BEGIN Data for this exercise

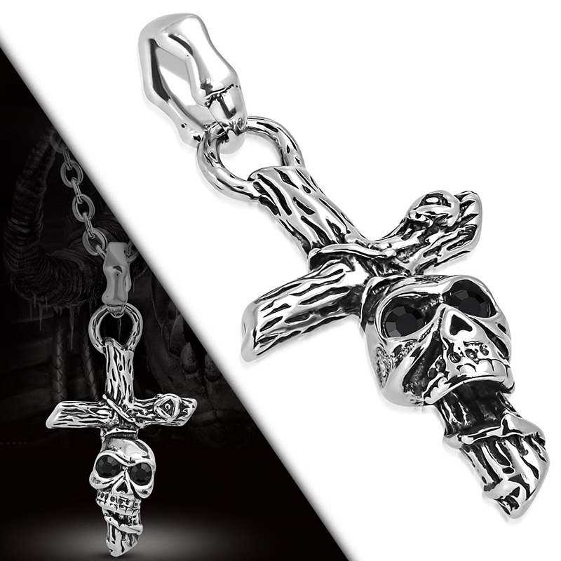 Dije Acero Hombre Cruz Muerte Madera Craneo Calavera Ojos
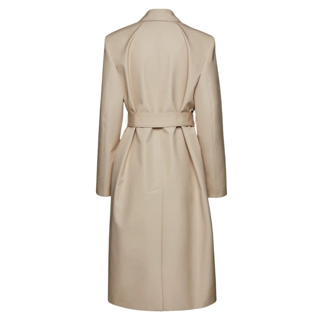True to Magda Butrym’s aesthetic, this coat is designed with meticulous attention to detail. From the precision tailoring to the thoughtfully placed seams, every element of the design reflects the brand’s dedication to quality and style.
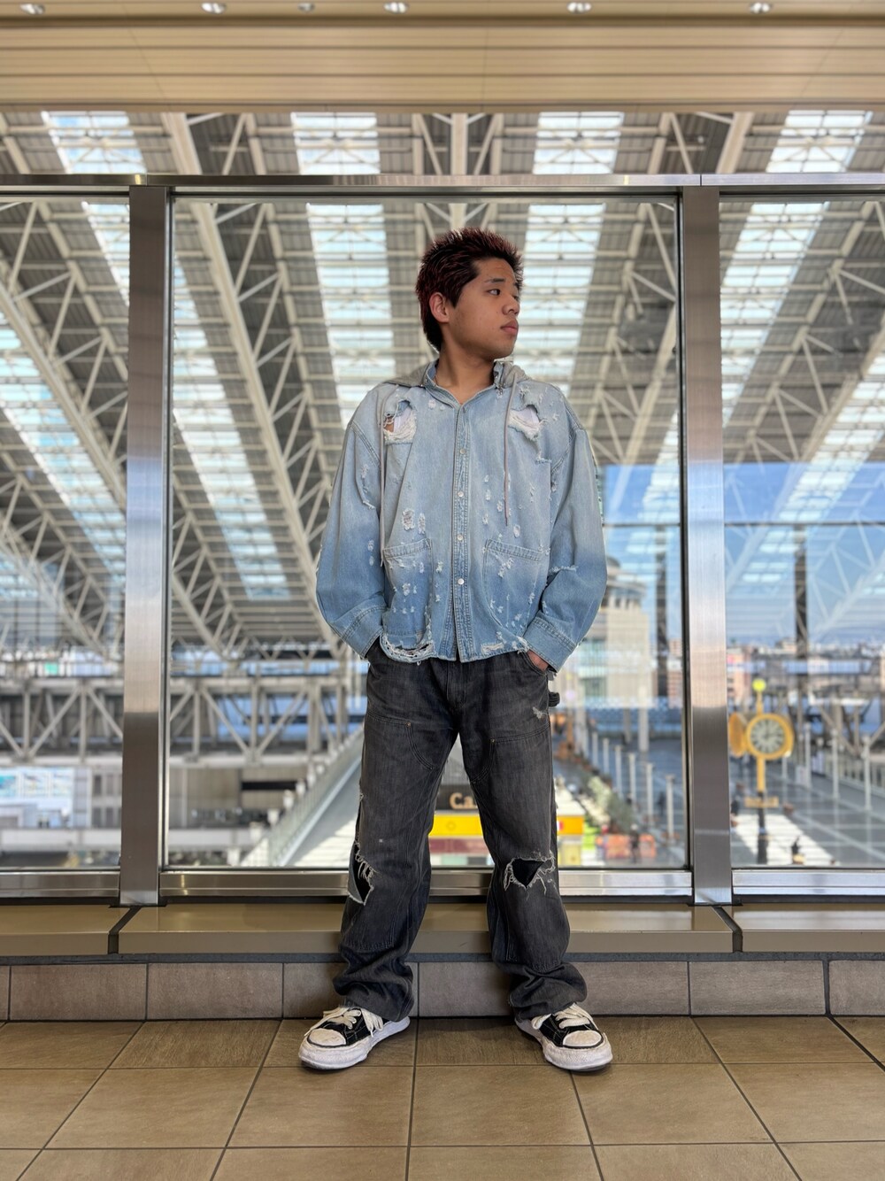 本日は Danke schonのダメージジャケットです! フード部分が取り外しでき取り外すとシャツとしても使えるのでかなり実用性が高い商品になっております! また、ダメージ系のワイドデニムとも相性抜群です! 是非着用してみてください!
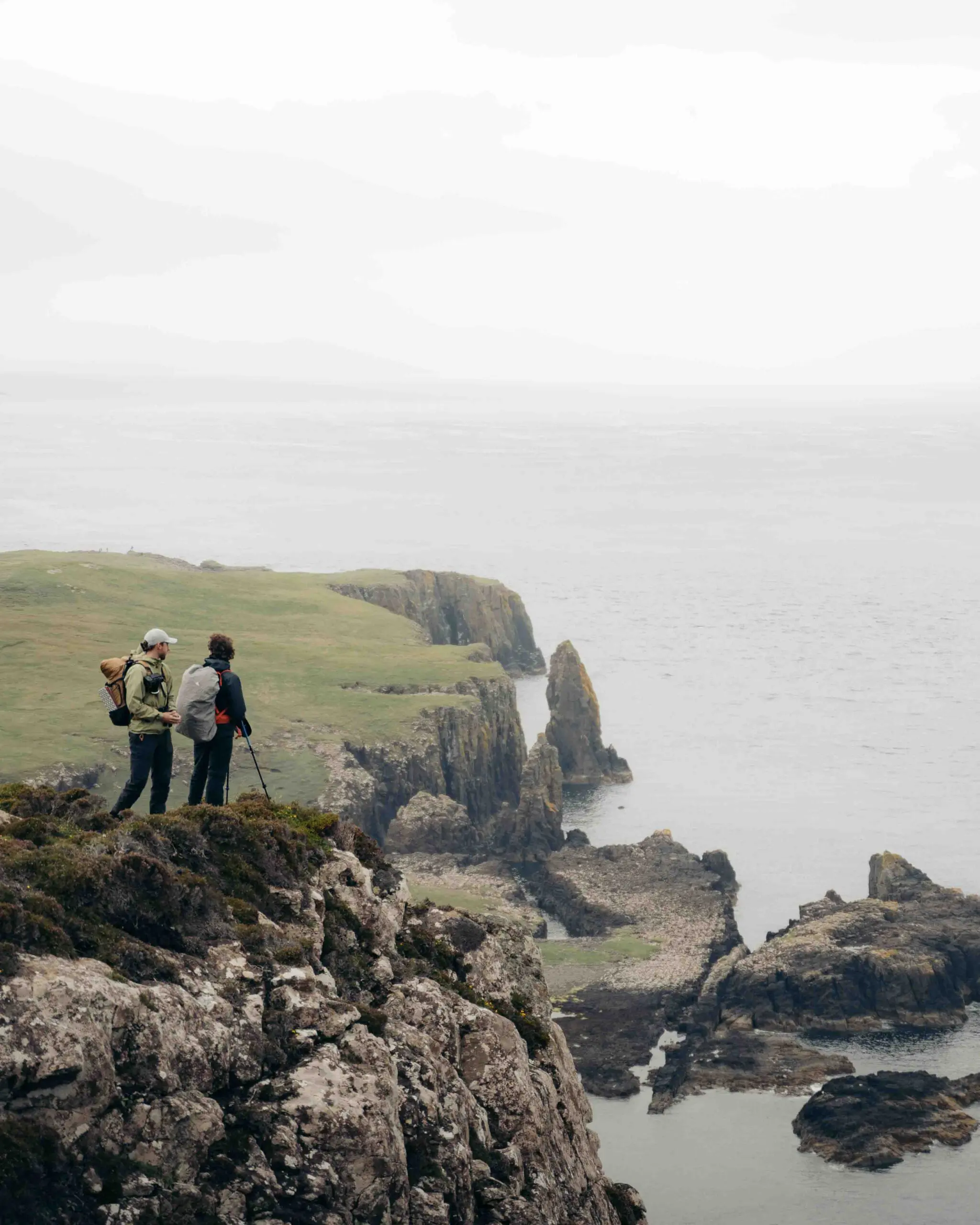 Je zet je tent op een beschut plekje net onder de kam. De zon zakt in de Atlantische Oceaan en kleurt de lucht paars en oranje. Je kookt je avondeten terwijl schapen nieuwsgierig langslopen. Er is geen geluid behalve de wind en af en toe een roofvogel.
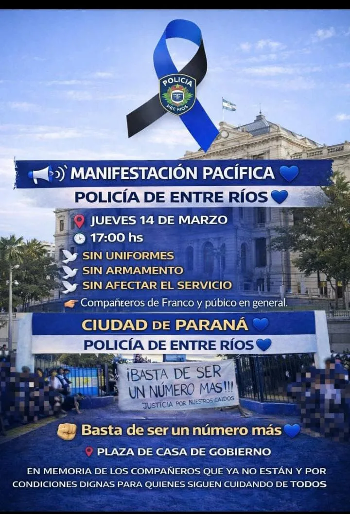 Las manifestaciones se iniciaron en Rosario y luego se replicaron en la ciudad de Santa Fe, concentrándose especialmente frente a la Casa de Gobierno. Allí, varios patrulleros se apostaron en señal de protesta, mientras los familiares denunciaban precariedad en las condiciones de trabajo, falta de cuidados médicos adecuados, problemas con uniformes y escasez de recursos para patrullaje.
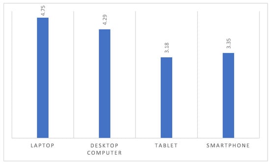Research shows that the most commonly used e-learning device is a laptop. Most of the respondents found it very useful in e-learning—the usefulness score was 4.75. A desktop computer turned out to also be a very useful device in this regard. Its usefulness in the field of e-learning was assessed slightly above the high level—4.29. The usefulness of other devices, such as tablets (3.18) and smartphones (3.35), was assessed at an average level.
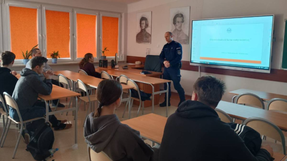 Podczas rozmowy z młodzieżą, policjant poruszył temat zasad bezpiecznego korzystania z internetu, zwracając szczególną uwagę na kwestie związane z udostępnianiem w sieci wizerunku innych osób bez ich zgody. Uczniowie dowiedzieli się także o odpowiedzialności karnej osób nieletnich oraz przykładach demoralizacji i czynów karalnych, które mogą być popełniane przez młodzież w internecie.
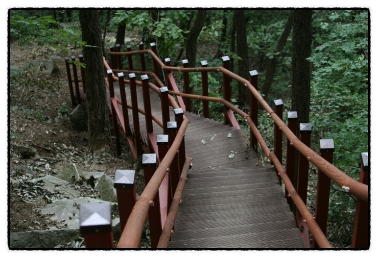 원주시 귀래면에 위치한 "미륵산"에 올랐다. 얼마전 헬기로 등산로정비를 위해 운반해 놓은 계단자재가 이번에는 완전히 암릉구간에 깔끔하게 설치가 완료되어 있다.
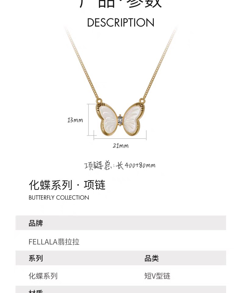 2楼「新品」Fellala/翡拉拉「化蝶」系列精致珐琅项链气质时尚颈饰货号925419205吊牌价899现价809
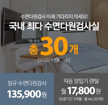 현재 보험회사에 근무하고 있는 터라, 수면무호흡이나 코골이의 보상 문제로 종종 이야기 하던 중  고객이 수술을 하셔야 한다고 비용청구가 되는지 여부를 확인하기 위해 수면센터를 방문하게 되었습니다.  고객 정보이기 때문에 원장님을 뵙고 이야기를 해야해서 진료신청을 직접하였고 본인이 검사를 받았는데  무호흡일 수 있다는 내시경검사 소견에 다원검사를 예약하였고, 하루 수면하면서 직접 검사 후  결과를 받았는데 중증에 가까운 수치라는 것을 알게 되고 수술을 결정하였습니다.  양압기는 평생 써야하고 안경처럼 사용할 때만 좋아진다는 이야기에 수술 일자를 잡고 수술하였고  수술 후 첫 3주 동안(회복기) 불편한걸 제외하면 적극 추천 합니다.   세 아이의 아빠로, 수면무호흡으로 인해 심한 코골이와 잠버릇으로 아이와 아내와 따로 잠을 자던 제가  지금은 둘째 아이가 같이 자자고 뛰어 올 만큼 좋아졌으며 가지고 있던 만성 비염은 수술 후 아예 없어지고 140/90정도 되던 혈압도 정상치로 회복이 되어 생활에 만족도가 상당히 높아졌습니다. 높은 비용은 실손 의료비에서 대부분 보상되기 때문에 적은 비용으로 할 수 있는 수술을 적극 권유합니다. (양압기는 실손 의료비 보상에서 제외 됨)  만족스런 삶과 건강을 찾게 좋은 수술 해 주셔서 감사합니다.
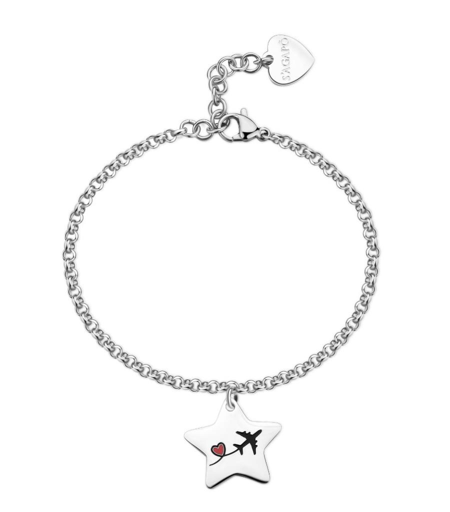 Bracciale in acciaio 316L con pendente a forma di stella con aereo in smalto nero e cuore in smalto rosso su fronte e scritta "Non importa dove vai, ma con chi vai" in smalto nero su retro.
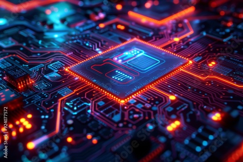 Neon-Lit Digital Circuit: A close-up view of a digital circuit board illuminated with neon lights, highlighting connectivity and innovation.
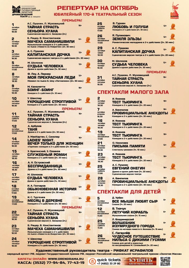 Оренбургский государственный областной драматический театр имени Горького по традиции открыл 170-ый юбилейный сезон премьерой.
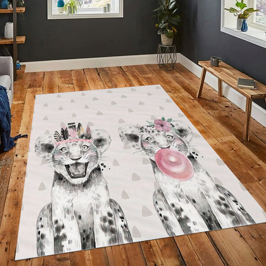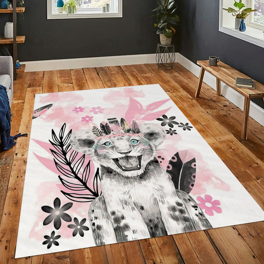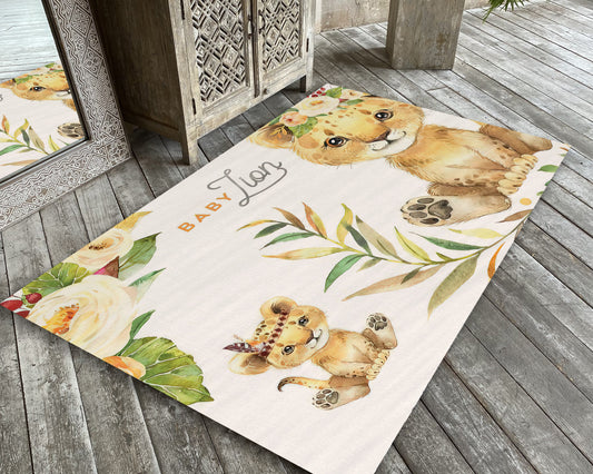 Baby Lion Themed Rug, Floral Carpet, Animal Decor, Kids Room Mat, Baby Gift
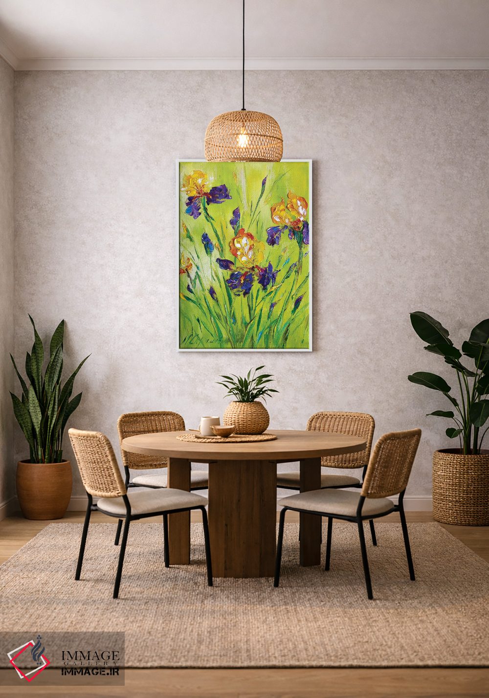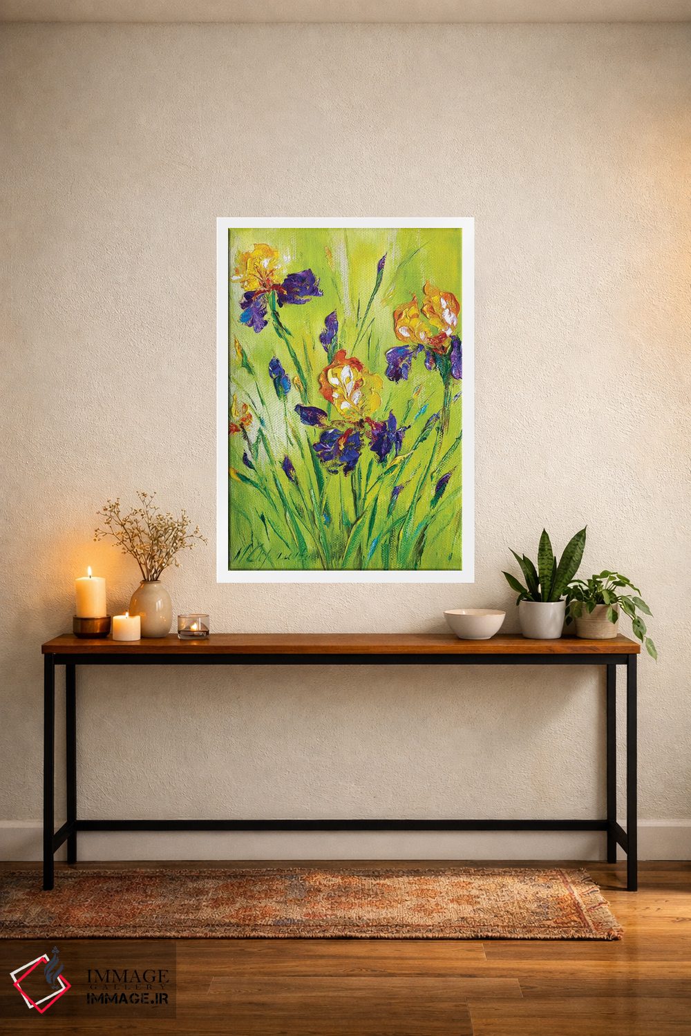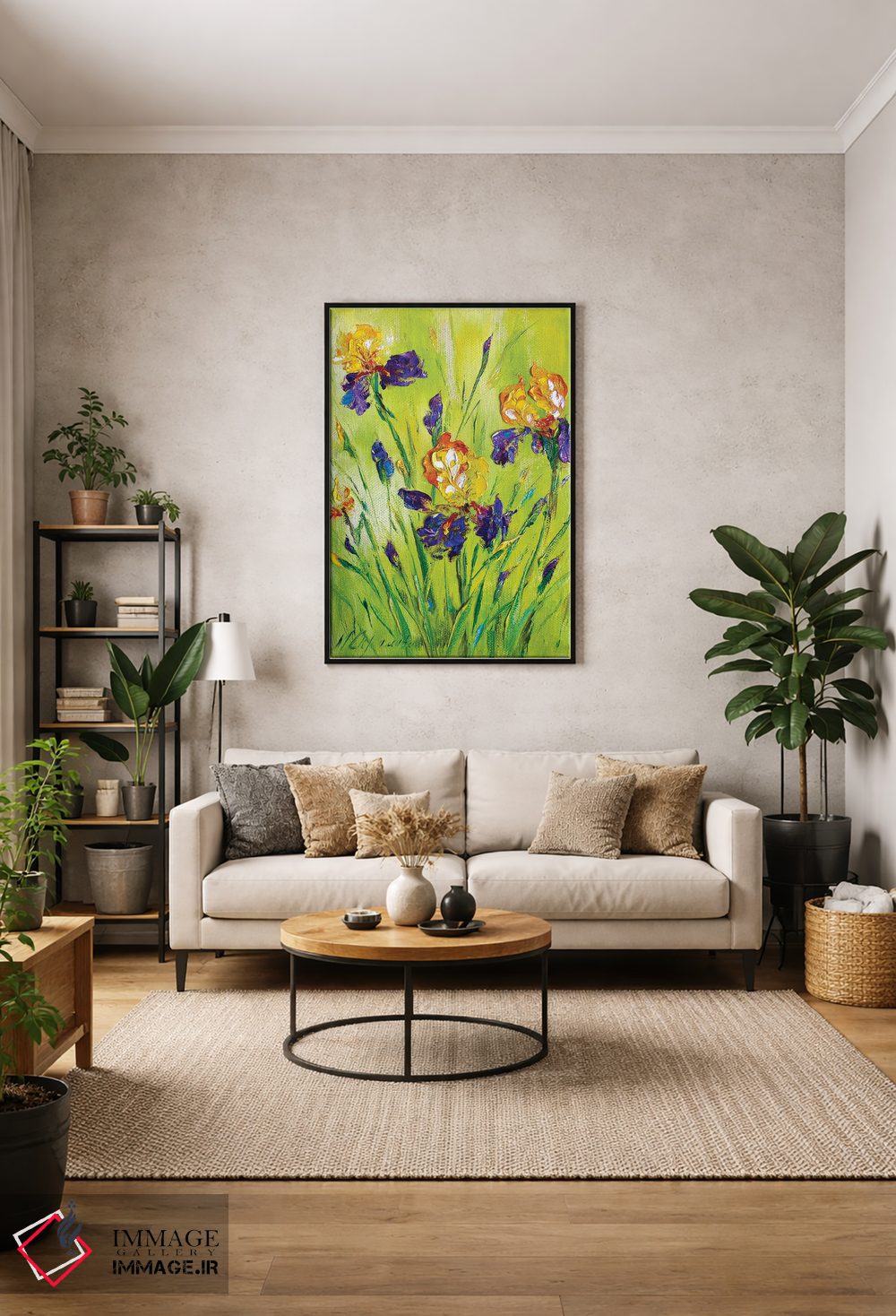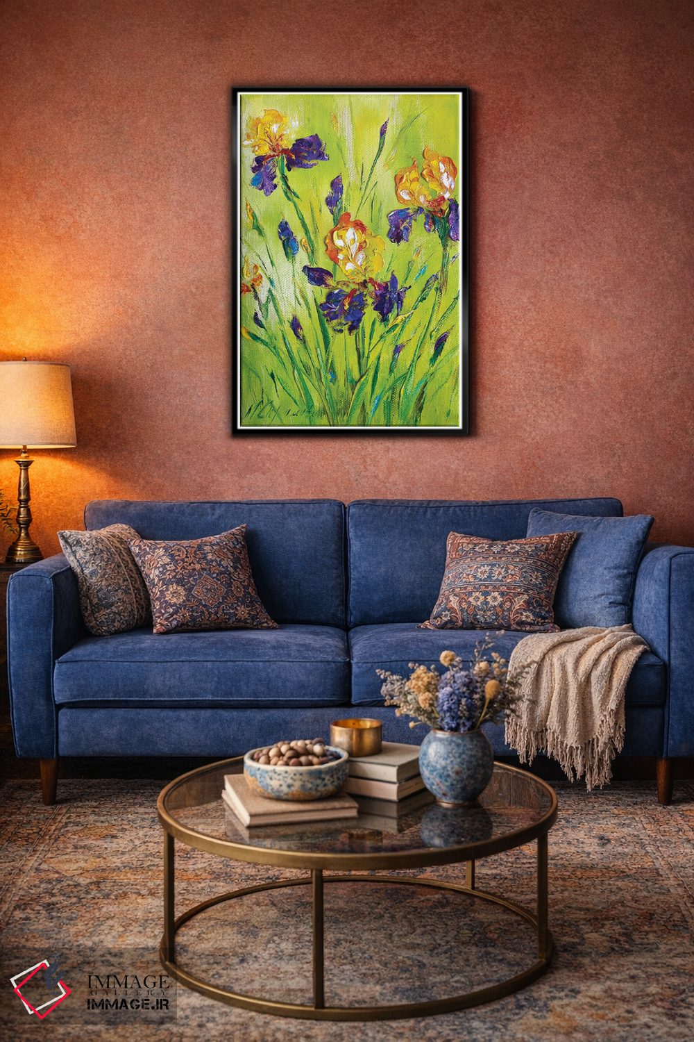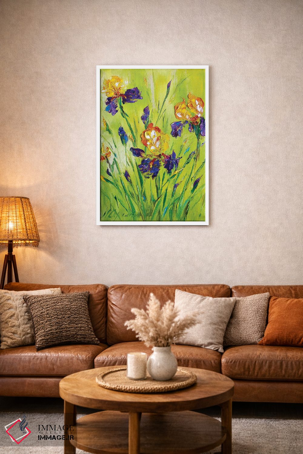 براساس پالت ترکیبی اثر، قاب تیک گرم (چوبی) پیشنهاد اول است و مشکی مات (فریم متوسط) مکمل. برای سفارشهای پروژهای با ابعاد و قابهای اختصاصی با ایماژ در تماس باشید.

END Data for this exercise

- _What you are asked to do_: Here the records must be restated exactly, minus any images.

- _Answer to the problem_:
 Dije Acero Hombre Cruz Muerte Madera Craneo Calavera Ojos
True to Magda Butrym’s aesthetic, this coat is designed with meticulous attention to detail. From the precision tailoring to the thoughtfully placed seams, every element of the design reflects the brand’s dedication to quality and style.
 本日は Danke schonのダメージジャケットです! フード部分が取り外しでき取り外すとシャツとしても使えるのでかなり実用性が高い商品になっております! また、ダメージ系のワイドデニムとも相性抜群です! 是非着用してみてください!
 Je zet je tent op een beschut plekje net onder de kam. De zon zakt in de Atlantische Oceaan en kleurt de lucht paars en oranje. Je kookt je avondeten terwijl schapen nieuwsgierig langslopen. Er is geen geluid behalve de wind en af en toe een roofvogel.
 Las manifestaciones se iniciaron en Rosario y luego se replicaron en la ciudad de Santa Fe, concentrándose especialmente frente a la Casa de Gobierno. Allí, varios patrulleros se apostaron en señal de protesta, mientras los familiares denunciaban precariedad en las condiciones de trabajo, falta de cuidados médicos adecuados, problemas con uniformes y escasez de recursos para patrullaje.
Research shows that the most commonly used e-learning device is a laptop. Most of the respondents found it very useful in e-learning—the usefulness score was 4.75. A desktop computer turned out to also be a very useful device in this regard. Its usefulness in the field of e-learning was assessed slightly above the high level—4.29. The usefulness of other devices, such as tablets (3.18) and smartphones (3.35), was assessed at an average level.
 Podczas rozmowy z młodzieżą, policjant poruszył temat zasad bezpiecznego korzystania z internetu, zwracając szczególną uwagę na kwestie związane z udostępnianiem w sieci wizerunku innych osób bez ich zgody. Uczniowie dowiedzieli się także o odpowiedzialności karnej osób nieletnich oraz przykładach demoralizacji i czynów karalnych, które mogą być popełniane przez młodzież w internecie.
 원주시 귀래면에 위치한 "미륵산"에 올랐다. 얼마전 헬기로 등산로정비를 위해 운반해 놓은 계단자재가 이번에는 완전히 암릉구간에 깔끔하게 설치가 완료되어 있다.
 2楼「新品」Fellala/翡拉拉「化蝶」系列精致珐琅项链气质时尚颈饰货号925419205吊牌价899现价809
 현재 보험회사에 근무하고 있는 터라, 수면무호흡이나 코골이의 보상 문제로 종종 이야기 하던 중  고객이 수술을 하셔야 한다고 비용청구가 되는지 여부를 확인하기 위해 수면센터를 방문하게 되었습니다.  고객 정보이기 때문에 원장님을 뵙고 이야기를 해야해서 진료신청을 직접하였고 본인이 검사를 받았는데  무호흡일 수 있다는 내시경검사 소견에 다원검사를 예약하였고, 하루 수면하면서 직접 검사 후  결과를 받았는데 중증에 가까운 수치라는 것을 알게 되고 수술을 결정하였습니다.  양압기는 평생 써야하고 안경처럼 사용할 때만 좋아진다는 이야기에 수술 일자를 잡고 수술하였고  수술 후 첫 3주 동안(회복기) 불편한걸 제외하면 적극 추천 합니다.   세 아이의 아빠로, 수면무호흡으로 인해 심한 코골이와 잠버릇으로 아이와 아내와 따로 잠을 자던 제가  지금은 둘째 아이가 같이 자자고 뛰어 올 만큼 좋아졌으며 가지고 있던 만성 비염은 수술 후 아예 없어지고 140/90정도 되던 혈압도 정상치로 회복이 되어 생활에 만족도가 상당히 높아졌습니다. 높은 비용은 실손 의료비에서 대부분 보상되기 때문에 적은 비용으로 할 수 있는 수술을 적극 권유합니다. (양압기는 실손 의료비 보상에서 제외 됨)  만족스런 삶과 건강을 찾게 좋은 수술 해 주셔서 감사합니다.
 Bracciale in acciaio 316L con pendente a forma di stella con aereo in smalto nero e cuore in smalto rosso su fronte e scritta "Non importa dove vai, ma con chi vai" in smalto nero su retro.
 Neon-Lit Digital Circuit: A close-up view of a digital circuit board illuminated with neon lights, highlighting connectivity and innovation.
 Оренбургский государственный областной драматический театр имени Горького по традиции открыл 170-ый юбилейный сезон премьерой.
 Baby Lion Themed Rug, Floral Carpet, Animal Decor, Kids Room Mat, Baby Gift
 براساس پالت ترکیبی اثر، قاب تیک گرم (چوبی) پیشنهاد اول است و مشکی مات (فریم متوسط) مکمل. برای سفارشهای پروژهای با ابعاد و قابهای اختصاصی با ایماژ در تماس باشید.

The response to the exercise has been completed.